Friday, March 14, 2008

Yay!

Friday Night, a time for blessed contemplation of...The FISA BILL!

Before the internet I would have had absolutely no grasp of what is going on with FISA. Now, thanks to Atrios's terse summary:

FISA

Passes House.

And apparently Harry gave them a little hell.


Glenn Greenwald, Firedoglake, and the miracle of the links I actually fully grasp how happy I am today to be a democrat. Edited to add that the link marked "them a little hell" leads you to an essay at Dkos that fully explains the unbelievably complicated politicking involved in the end product. If I'm not getting this wrong Reid and Pelosi used a clever piece of proceduralism to drive a stake through the heart of the entire process without the Republicans quite seeing it. Here's the nut grafs from Kagro X:

The RESTORE Act, H.R. 3773, passed the House last year without including retroactive amnesty for the telecom companies and sent it on to the Senate.

When the Senate took up the issue, it opted not to deal with H.R. 3773, but instead passed its Rockefeller-backed FISA bill (S. 2248) that did include retroactive amnesty. And there was a tremendous uproar among immunity opponents over the procedure the Senate used, making the Bush-backed Rockefeller legislation the base bill, and the immunity-free Judiciary committee bill the substitute, creating an uphill battle for the fight against immunity. That situation created a lot of ill will toward Senate Majority Leader Harry Reid.

Everyone remembers that.

But here's the interesting part. Rather than send S. 2248 to the House once it passed, Reid sent the bill on a little detour. With the unanimous consent of the Senate, he stripped out the language of H.R. 3773 and substituted in the language of S. 2248, vitiated the passage of S. 2248, and sent the amended H.R. 3773 back to the House.

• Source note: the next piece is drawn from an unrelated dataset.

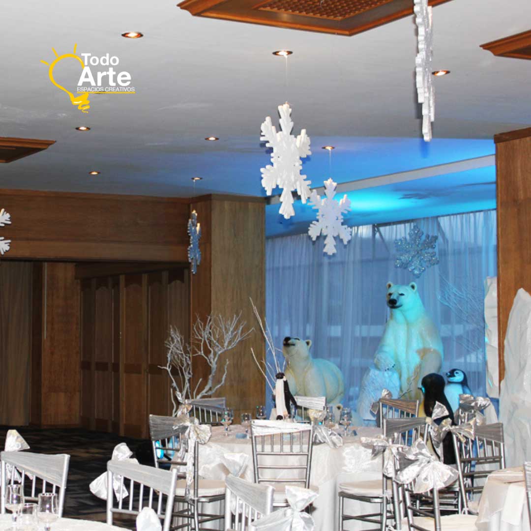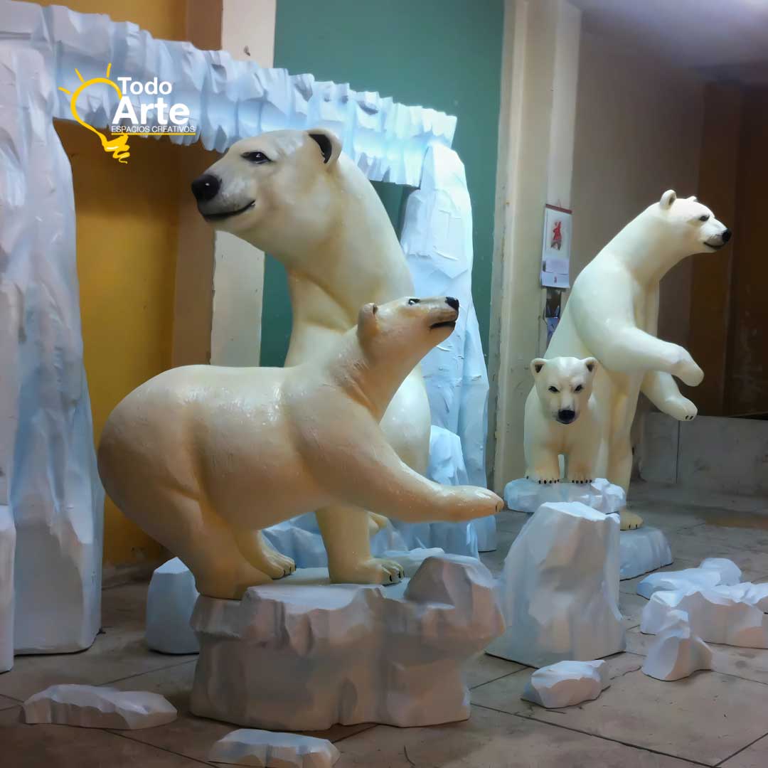 Una experiencia mágica que transporta a los invitados a un auténtico mundo helado. Nuestra escenografía temática invernal está compuesta por esculturas en icopor de pingüinos, renos, osos polares y montañas de hielo que recrean con realismo y encanto la esencia del invierno. Cada pieza es elaborada a mano por Todo Arte, cuidando cada detalle para lograr acabados sorprendentes que combinan creatividad, estética y durabilidad. Ideal para centros comerciales, celebraciones navideñas, vitrinas temáticas y eventos corporativos que desean cautivar, sorprender y crear un ambiente inolvidable para grandes y pequeños.

That put the House in the position of considering the Senate amendment to H.R. 3773, as opposed to the original version of S. 2248. What difference does that make? Well, it makes no substantive difference, in that H.R. 3773 as amended now included retroactive immunity, along with all the other garbage we didn't want the Senate to pass.

But as I've stressed a number of times, control of procedure can, in the end, control the substantive outcome.

So, what's a House that's opposed to retroactive immunity to do? Amend H.R. 3773 to take it back out, of course. And that -- along with a number of other substantive improvements -- is what Chairmen Conyers and Reyes plan to do, in the form of an amendment to the Senate amendment to H.R. 3773.

Sounds like a joke, doesn't it? The sort of thing people say when they make fun of the legislative process: the House amendment to the Senate amendment to the bill H.R. 3773.

Only guess what's special about offering an amendment to the amendment that isn't true of just starting over with a new House bill that doesn't have immunity in it?

You can't move to recommit an amendment to an amendment.

So the House gets to strip immunity (and the other junk) back out of H.R. 3773, and the Republicans can't just undo that work with a motion designed to peel off Blue Dogs. If the amendment to the Senate amendment passes, it pops right back out of the House and goes back to the Senate on the express bus, no stops.

And there's more. It arrives back in the Senate in privileged form, as a message from the House (the message being: we amended your crap) the consideration of which is not subject to filibuster. To be sure, the Republicans (or anyone willing to stand in their shoes) can filibuster the actual debate on the House amendment to Senate amendment, but they can't filibuster the question of whether or not to even have that debate, as they can with most other legislation.